§ **PROMPT**
Extract exactly the lines from the top of the records through the line containing "Java Tutorial : Java", and keep pictures out of the copy.

§ **RECORDS**
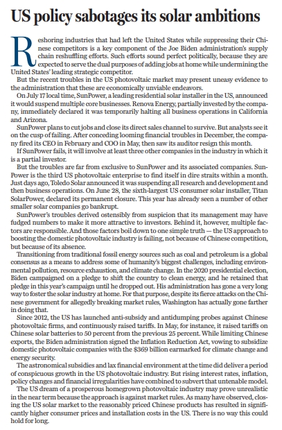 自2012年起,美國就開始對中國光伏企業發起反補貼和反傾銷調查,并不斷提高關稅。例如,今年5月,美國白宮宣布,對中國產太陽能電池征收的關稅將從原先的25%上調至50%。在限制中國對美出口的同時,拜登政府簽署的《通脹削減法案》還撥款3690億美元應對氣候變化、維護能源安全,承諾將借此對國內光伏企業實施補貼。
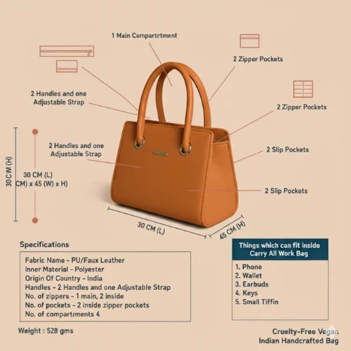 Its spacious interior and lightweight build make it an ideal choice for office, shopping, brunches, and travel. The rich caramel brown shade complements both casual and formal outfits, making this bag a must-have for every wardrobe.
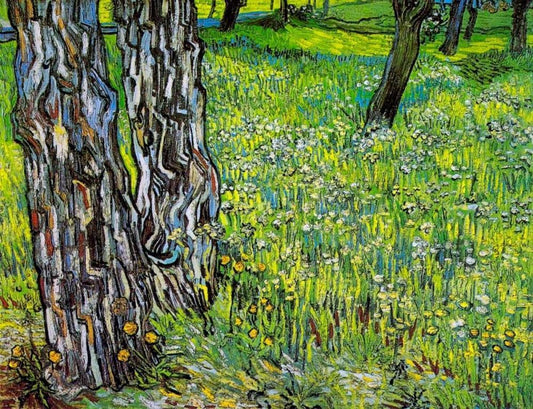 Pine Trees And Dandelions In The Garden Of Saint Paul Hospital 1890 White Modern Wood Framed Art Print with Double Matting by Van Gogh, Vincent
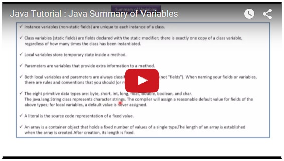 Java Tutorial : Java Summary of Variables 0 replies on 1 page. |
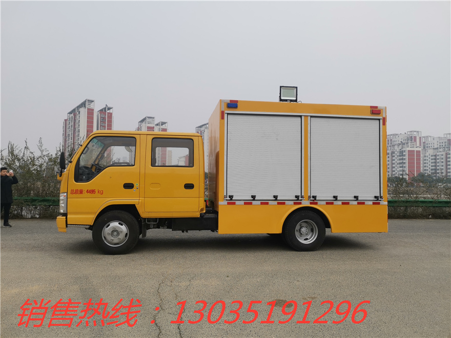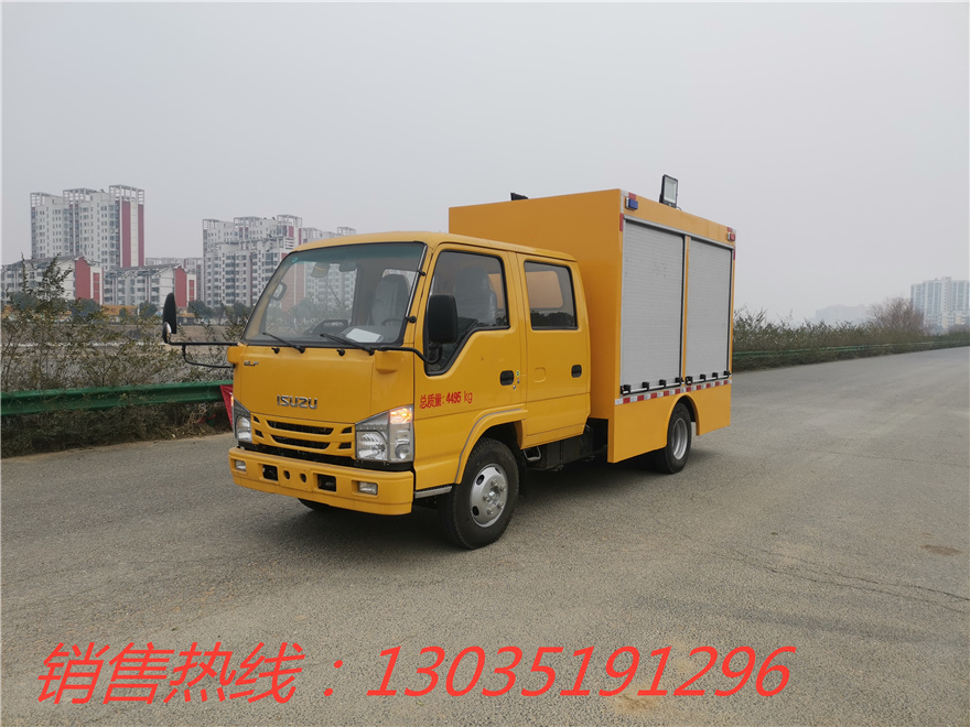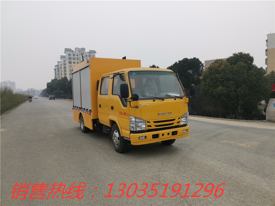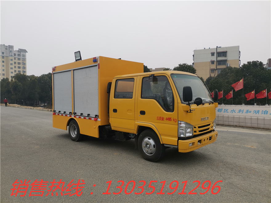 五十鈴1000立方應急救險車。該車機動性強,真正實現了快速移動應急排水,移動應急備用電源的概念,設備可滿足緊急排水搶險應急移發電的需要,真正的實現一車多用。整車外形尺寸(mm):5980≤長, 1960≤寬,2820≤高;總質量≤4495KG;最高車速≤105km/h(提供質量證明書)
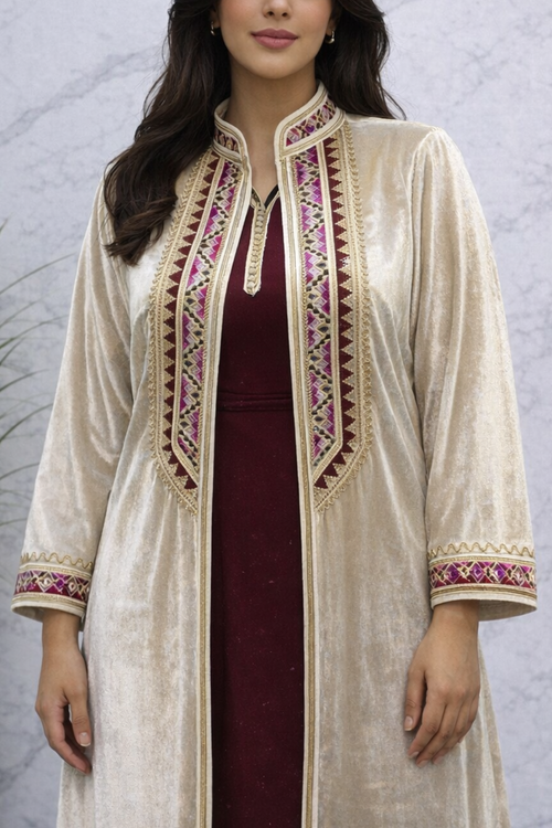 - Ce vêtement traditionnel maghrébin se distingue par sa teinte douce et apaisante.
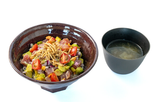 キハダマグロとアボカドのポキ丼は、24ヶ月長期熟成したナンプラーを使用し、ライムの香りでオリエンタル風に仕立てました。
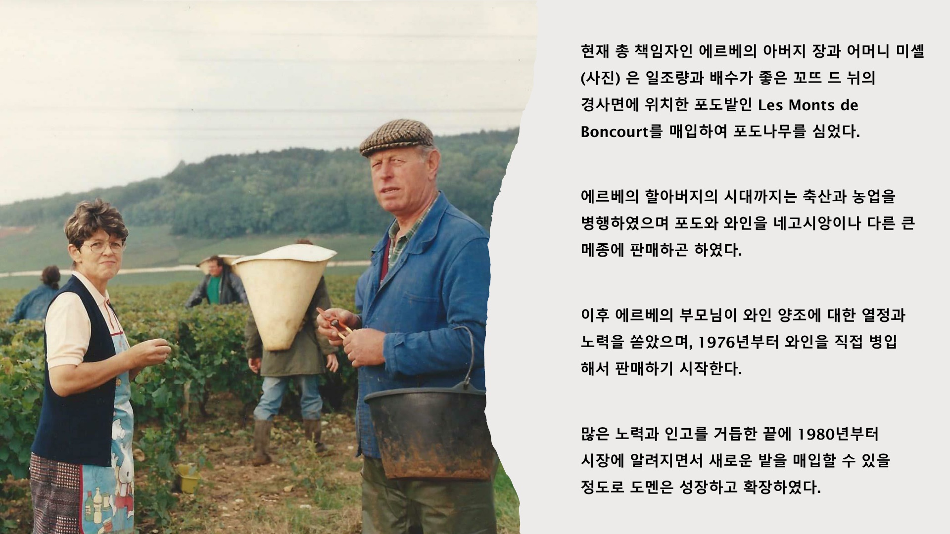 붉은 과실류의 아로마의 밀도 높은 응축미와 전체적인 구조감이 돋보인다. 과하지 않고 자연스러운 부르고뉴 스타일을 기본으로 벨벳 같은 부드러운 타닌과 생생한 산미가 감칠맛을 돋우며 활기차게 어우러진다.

§ **OUTPUT BELOW**
 自2012年起,美國就開始對中國光伏企業發起反補貼和反傾銷調查,并不斷提高關稅。例如,今年5月,美國白宮宣布,對中國產太陽能電池征收的關稅將從原先的25%上調至50%。在限制中國對美出口的同時,拜登政府簽署的《通脹削減法案》還撥款3690億美元應對氣候變化、維護能源安全,承諾將借此對國內光伏企業實施補貼。
 Its spacious interior and lightweight build make it an ideal choice for office, shopping, brunches, and travel. The rich caramel brown shade complements both casual and formal outfits, making this bag a must-have for every wardrobe.
 Pine Trees And Dandelions In The Garden Of Saint Paul Hospital 1890 White Modern Wood Framed Art Print with Double Matting by Van Gogh, Vincent
 Java Tutorial : Java Summary of Variables 0 replies on 1 page. |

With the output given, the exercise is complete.